Un experimento realizado en el Parc Natural de l’Alt Pirineu en Lleida ha permitido estudiar el comportamiento los carnívoros salvajes con sus presas para entender cómo modifican o dispersan los huesos, un dato de gran utilidad en los yacimientos arqueológicos. Los resultados demuestran que los pequeños carnívoros, como el zorro que fue muy habitual durante el Pleistoceno, son importantes agentes acumuladores y modificadores óseos, y pudieron producir grandes cambios en los yacimientos.

cama trampa capta zorro rojo
Una cámara trampa capta a un zorro.

La presencia de pequeños carnívoros, como el zorro rojo es habitual en la mayoría de los yacimientos del Pleistoceno europeo.

Sin embargo, existen muy pocos estudios centrados en caracterizar su señal tafonómica (es decir, sus marcas diagnósticas) en conjuntos óseos de macrovertebrados.

Un estudio publicado recientemente en la revista Archaeological and Anthropological Sciences en el que participa Ruth Blasco, especialista en Tafonomía del Centro Nacional de Investigación sobre la Evolución Humana (CENIEH), y miembros de la URV-IPHES, trata de modelizar las actuaciones de pequeños carnívoros a nivel experimental y encontrar elementos diagnósticos que los diferencien de otros agentes, tanto a nivel de modificación ósea, como de alteración espacial (dispersión de restos).

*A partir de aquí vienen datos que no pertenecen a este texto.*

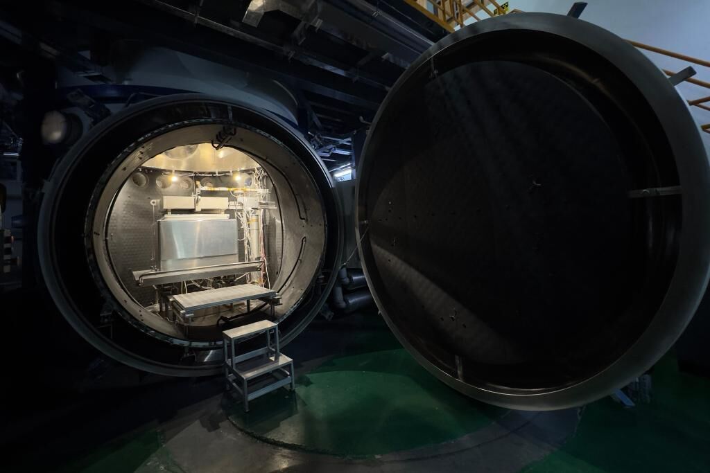 走进哈尔滨新区内的空间综合环境试验楼,随着圆形拱门缓缓打开,“月尘舱”映入眼帘,这便是月球表面环境模拟装置,主体是一个大约三层楼高的立式真空罐,内径达4米,一米见方的样品台闪着银光,悬置于顶部的探照灯和射线源造型各异。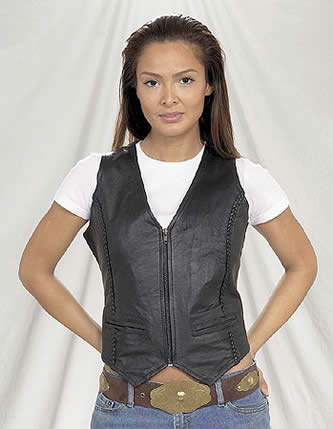 Whether you're a biker or a women that loves the feel of soft nappa leather then we have you covered. The brass standard front zipper closure opens to a smooth nylon lining for comfort and makes it easy to slip on. The stylish leather braid front to back gives it a clean and simple look. Front slip pockets and multiple inside pockets can carry everything you need making this vest a practical and affordable choice at a fantastic price.

Los resultados revelan que podrían haber producido importantes modificaciones en los yacimientos arqueológicos.

“Nuestra línea de trabajo experimental se basa fundamentalmente en la simulación de diferentes escenarios de predación e interacción con el objetivo de caracterizar las actuaciones de los carnívoros salvajes involucrando no solo a pequeños carnívoros, como el zorro o el tejón, sino también a grandes predadores como el oso pardo”, explica Ruth Blasco.

Los trabajos experimentales, que cuentan con el permiso, supervisión y colaboración de los equipos de Seguimiento del Oso Pardo, el Parc Natural de l’Alt Pirineu, y el Departament d’Agricultura, Ramaderia, Pesca i Alimentació de la Generalitat de Catalunya, se están desarrollando principalmente en el Parc Natural de l’Alt Pirineu, en el Pirineo de Lleida, donde no existe ningún condicionante humano que pueda modificar el comportamiento de estos animales.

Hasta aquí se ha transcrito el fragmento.